Friday, May 24, 2013
May 22, 2013 – Over bearing, Domineering and Controlling
I’m pissed … so I am going to rant for a while.
Some people cannot understand or figure out that their ability and willingness to aide does not give them the right to dominate and control another, who is the recipient of the desired aide in question. To offer support, material and other, does not implicitly, and most definitely not explicitly, grant one the right or perceived obligation to control the lives situations and circumstances of the one receiving the desired support. The knowledge and ability of the one rendering aide is not a “carte blanche” permission to manage the one in need. Any knowledge is limited in its scope, and incomplete to understand the full nature of another’s personal situation.
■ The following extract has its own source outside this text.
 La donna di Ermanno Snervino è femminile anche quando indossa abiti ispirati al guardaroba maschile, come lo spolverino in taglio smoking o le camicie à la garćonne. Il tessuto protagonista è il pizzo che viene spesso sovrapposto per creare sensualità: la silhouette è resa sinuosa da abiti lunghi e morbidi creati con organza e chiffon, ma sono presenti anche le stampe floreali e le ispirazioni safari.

There are innumerable gaps which though presumed understood are in actuality misconceived and potentially destructive as they may be misinterpreted and/or ignored by the managing provider, in actuality a state of ignorance.
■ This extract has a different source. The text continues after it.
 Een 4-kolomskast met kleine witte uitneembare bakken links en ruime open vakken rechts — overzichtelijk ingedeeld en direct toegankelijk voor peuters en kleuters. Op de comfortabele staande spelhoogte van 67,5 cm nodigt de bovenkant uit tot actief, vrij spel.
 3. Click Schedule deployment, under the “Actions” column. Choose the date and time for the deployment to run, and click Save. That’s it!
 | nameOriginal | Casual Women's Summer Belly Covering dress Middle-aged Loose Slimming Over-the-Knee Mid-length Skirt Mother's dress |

The responsibility and the right to determine the course and content of one’s life is that of the individual whose life’s situations are in question and not that of any “so-called” benefactor.
This is an area where I have found, through a rather broad range of experience, that there are significant differences in the attitude amongst religious groups. Not so much denominationally defined as they are regionally. Religious adherents in the northern areas of the United States tend to be more domineering and offer assistance “with strings attached”. In the south, there seems to be a general understanding and willingness to give what is needed as is necessary and observable … without strings and in consideration of the individual’s inherent personhood.
As a general rule, this is an area the “Christian” Church falls well short of. Aide may be offered, but seldom without a minimal expectation to assume a controlling influence over the recipient of the charity. The “Church” or possibly better stated “the mindset of the charity providers” fails to understand the ultimate “spiritual” work they would wish to see accomplished in the life of the one in need. There is a failure to learn from history and human psychology that “Spiritual” changes of a positive nature cannot be dictated from the outside, no matter how well intentioned they may be. Spiritual work and change is an individual process and is unique to every person in question. There are no hard fast rules of how it is done, or what may be expected. By force of will, or resource, alienation of persons so affected is the inevitable result. Spiritual effects, like the wind, cannot be controlled by one’s desires, but happen where they will, as may be thought a product of the divine influence. Religious creed, doctrine and dogma and the parties motivated therewith, regardless of emotional attachment to either “faith” or persons in need, have no understanding, except as is experienced in actual confrontation with the divine in their own life.